First, I've defined a relation $R$ on $A$ such that $aRb$ if $a$ and $b$ are in the same part of a partition where $a,b\in A$.

I know I need to count the number of equivalence classes produced form this relation. But I'm not sure how to proceed.

Answer 1

Sketch:

• The number of $5$-element sets is $\binom{100}{5}$ since we're choosing $5$ elements from $100$.

• The number of pairs of $5$-element sets is $\frac{1}{2}\binom{100}{5}\binom{95}{5}$ since we're choosing $5$ elements twice, but we must account for the fact that the same pair could occur in the opposite order.

• If we continue in this way, the number of $5$-element sets is $$ \frac{1}{20!}\binom{100}{5}\binom{95}{5}\binom{90}{5}\binom{85}{5}\binom{80}{5}\binom{75}{5}\binom{70}{5}\binom{65}{5}\binom{60}{5}\binom{55}{5}\binom{50}{5}\binom{45}{5}\binom{40}{5}\binom{35}{5}\binom{30}{5}\binom{25}{5}\binom{20}{5}\binom{15}{5}\binom{10}{5}\binom{5}{5} $$ This can be expressed better using multinomial coefficients, but if you work out all the cancellations, you'll get $$ \frac{100!}{20!(5!)^{20}}. $$

Answer 2

Here is one way to think about this conceptually/visually:

Randomly line up all $100$ objects.
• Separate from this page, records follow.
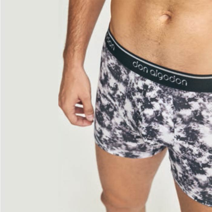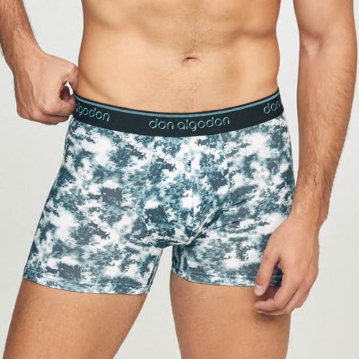 Collection prestige boxer homme. Coton majoritaire. Sur fond uni Motifs "nuages" sur l'ensemble du boxer. Ceinture taille plate "gomme" avec inscription "Don Algodon". 1 taille XL.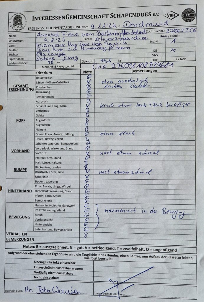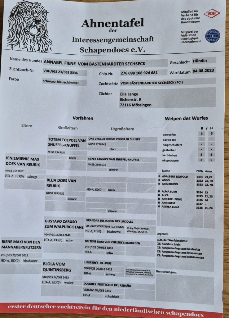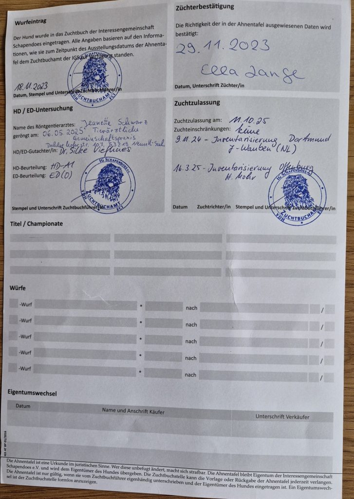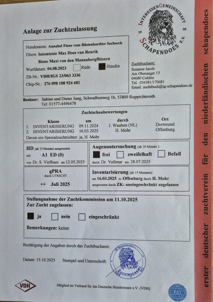 Der lange Weg zur Zuchtzulassung begann mit der ersten Ausstellung 2024 in Alsfeld und endete endlich am 11.10.2025 nach 2 Inventarisierungen, diversen Untersuchungen mit der uneingeschränkte Zuchtzulassung für Fiene. Kurz vor Weihnachten wurde dann unsere Zuchtstätte auch zugelassen.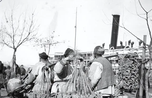 这张照片里的汉子挑着扁担卖草鞋,身后是冒着黑烟的轮船,那时候码头上最常见的就是这种挑担子做小买卖的,草鞋一串串挂在扁担上,十来个铜板就能买一双,穿上就能赶路,我爷爷说他小时候脚上的鞋底磨破了,就在码头上买双草鞋继续走,现在鞋店里的鞋花样多得眼晕,可那股子踏实劲儿却找不回来了。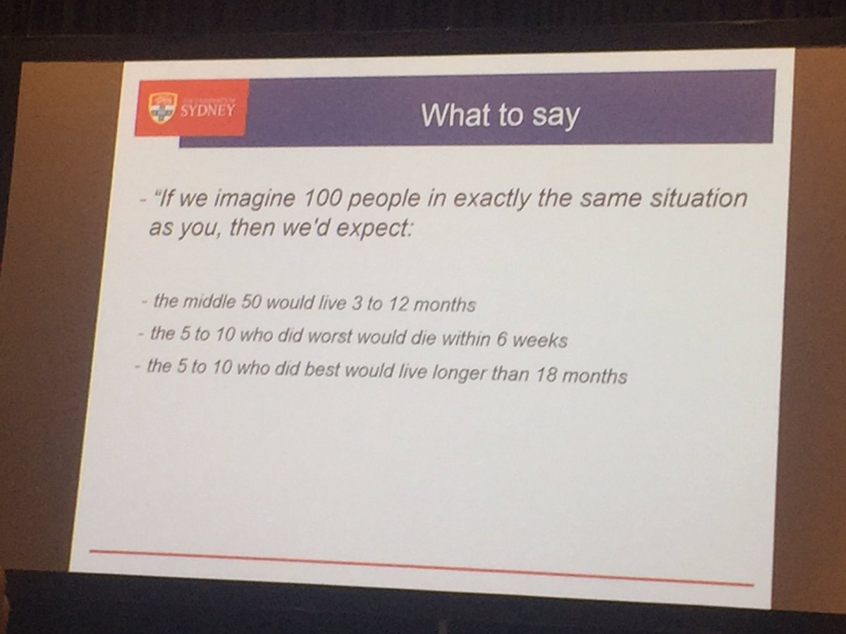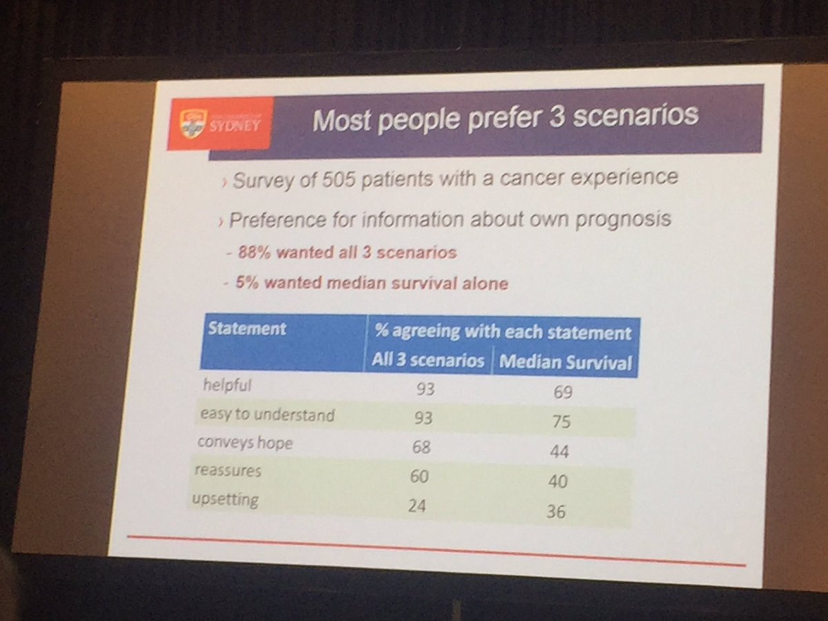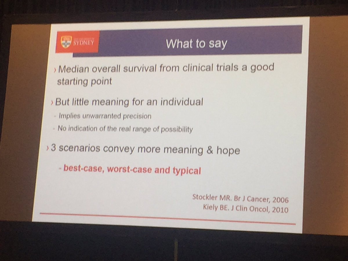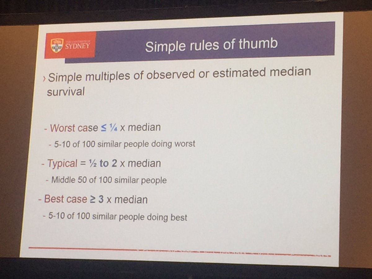 Giving 3 scenarios (best-, worst-case & typical) is more useful than giving median survival

This can be done in $100!$ ways.

From this we create groups of $5$ in order, i.e. objects 1 through 5 are a group, objects 6 through 10 a second, etc.

But now we realize that the order of the 5 in each group does not matter to the nature of the group. So, we need to divide the $100!$ by $5!$ for each of the $20$ groups (since there are $5!$ ways to order the 5 in each group, and each such ordering was counted as a different ordering in the original $100!$) so we get:

$$\frac{100!}{(5!)^{20}}$$

Finally, the order of the $20$ groups does not matter either, so divide by $20!$ to get our final answer:

$$\frac{100!}{20!(5!)^{20}}$$